Output each entry below as it stands, leaving out every picture.
##### Record excerpts
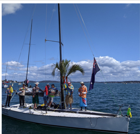
Squid4Woodsy - Best dressed crew
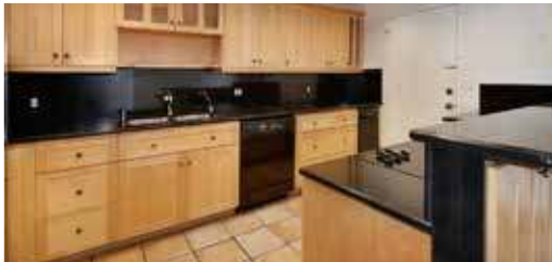
9111 E. Bay Harbor Dr. #PHE $499,500

Beautiful Spacious 2BD/2BA split bedroom at The Palm Bay Yacht Club! Features include a remodeled kitchen w/ PHENOMENAL SOUTH VIEWS of the bay, pool & tennis courts.
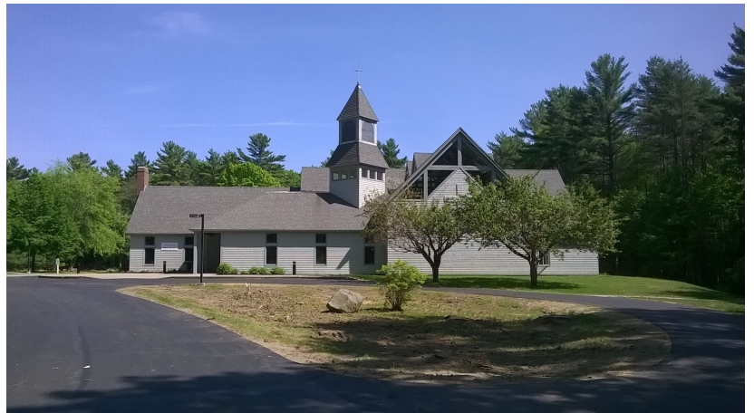
St. David's new look from Route 1. More open and accessible to folks driving through.
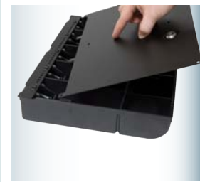
Optional Locking lid for #5 Adjustable Money Trays
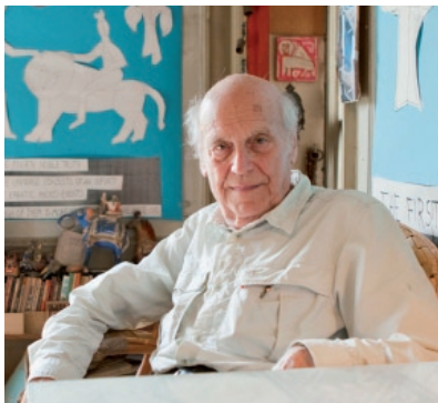
Yona Friedman chez lui, 2009
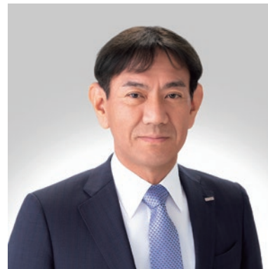
POKKA SAPPORO FOOD & BEVERAGE LTD. President and CEO
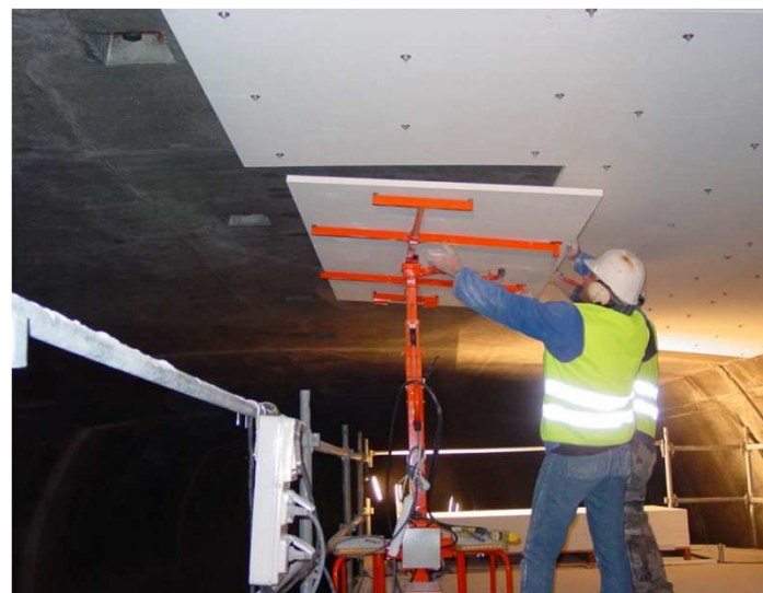
Portbou Tunnel Oct 2010
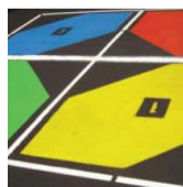
Asphalt Games / Painting
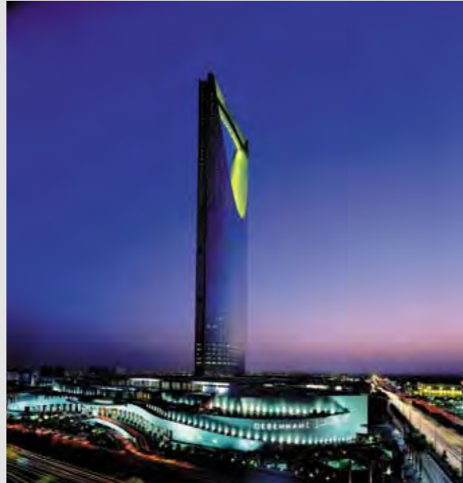
Kingdom Tower, Riyad, Saudia Arabia

Sage H.Q., Gateshead, UK SAB Miller, Woking, UK IFC Tower, Emirates Tower, Dubai, UAE Al Ahli United Bank, Bahrain ADCO H. Q., Abu Dhabi, UAE World Trade Centre, Shenzhen, China The Grand Mosque, Mecca, Saudi Arabia Saab-Scania, Helsinki, Finland Salle Gustave Eiffel, Eiffel Tower, Paris, France IMB-Verwaltung, Munich, Germany Fiat, Turin, Italy Christies, London, UK Dixons H.Q., Hemel Hempstead, UK Eden Project Conference Centre, Cornwall, UK City Hall, Amsterdam, The Netherlands Banque Internationale, Luxembourg Credit Communal, Brussels, Belgium IBM Headquarters, Oslo, Norway Volvo Head Office, Gothenburg, Sweden Bell Canada, Trinity Square, Toronto, Canada SAP, Walldorf, Germany BHF Bank, Geneva, Switzerland Red Bull, Oslo, Norway DLA Piper, Amsterdam, The Netherlands Commonwealth Bank, Sydney, Australia Gehrke econ, Hannover, Germany ING-House, Amsterdam, The Netherlands
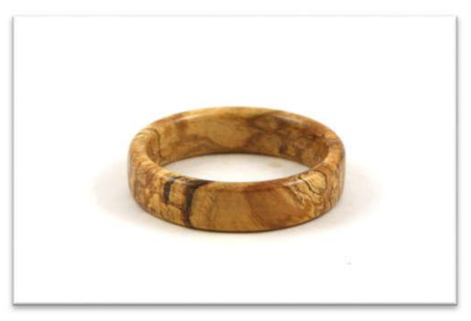
Chuck Horton, Spalted Bradford Pear, Wipe on Poly, 3¼"
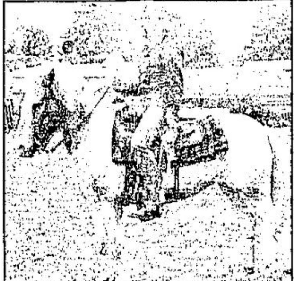
Ponies and kids go together and they did Saturday at the Gymkhana games.
##########
◆ Task output ◆
Squid4Woodsy - Best dressed crew
9111 E. Bay Harbor Dr. #PHE $499,500

Beautiful Spacious 2BD/2BA split bedroom at The Palm Bay Yacht Club! Features include a remodeled kitchen w/ PHENOMENAL SOUTH VIEWS of the bay, pool & tennis courts.
St. David's new look from Route 1. More open and accessible to folks driving through.
Optional Locking lid for #5 Adjustable Money Trays
Yona Friedman chez lui, 2009
POKKA SAPPORO FOOD & BEVERAGE LTD. President and CEO
Portbou Tunnel Oct 2010
Asphalt Games / Painting
Kingdom Tower, Riyad, Saudia Arabia

Sage H.Q., Gateshead, UK SAB Miller, Woking, UK IFC Tower, Emirates Tower, Dubai, UAE Al Ahli United Bank, Bahrain ADCO H. Q., Abu Dhabi, UAE World Trade Centre, Shenzhen, China The Grand Mosque, Mecca, Saudi Arabia Saab-Scania, Helsinki, Finland Salle Gustave Eiffel, Eiffel Tower, Paris, France IMB-Verwaltung, Munich, Germany Fiat, Turin, Italy Christies, London, UK Dixons H.Q., Hemel Hempstead, UK Eden Project Conference Centre, Cornwall, UK City Hall, Amsterdam, The Netherlands Banque Internationale, Luxembourg Credit Communal, Brussels, Belgium IBM Headquarters, Oslo, Norway Volvo Head Office, Gothenburg, Sweden Bell Canada, Trinity Square, Toronto, Canada SAP, Walldorf, Germany BHF Bank, Geneva, Switzerland Red Bull, Oslo, Norway DLA Piper, Amsterdam, The Netherlands Commonwealth Bank, Sydney, Australia Gehrke econ, Hannover, Germany ING-House, Amsterdam, The Netherlands
Chuck Horton, Spalted Bradford Pear, Wipe on Poly, 3¼"
Ponies and kids go together and they did Saturday at the Gymkhana games.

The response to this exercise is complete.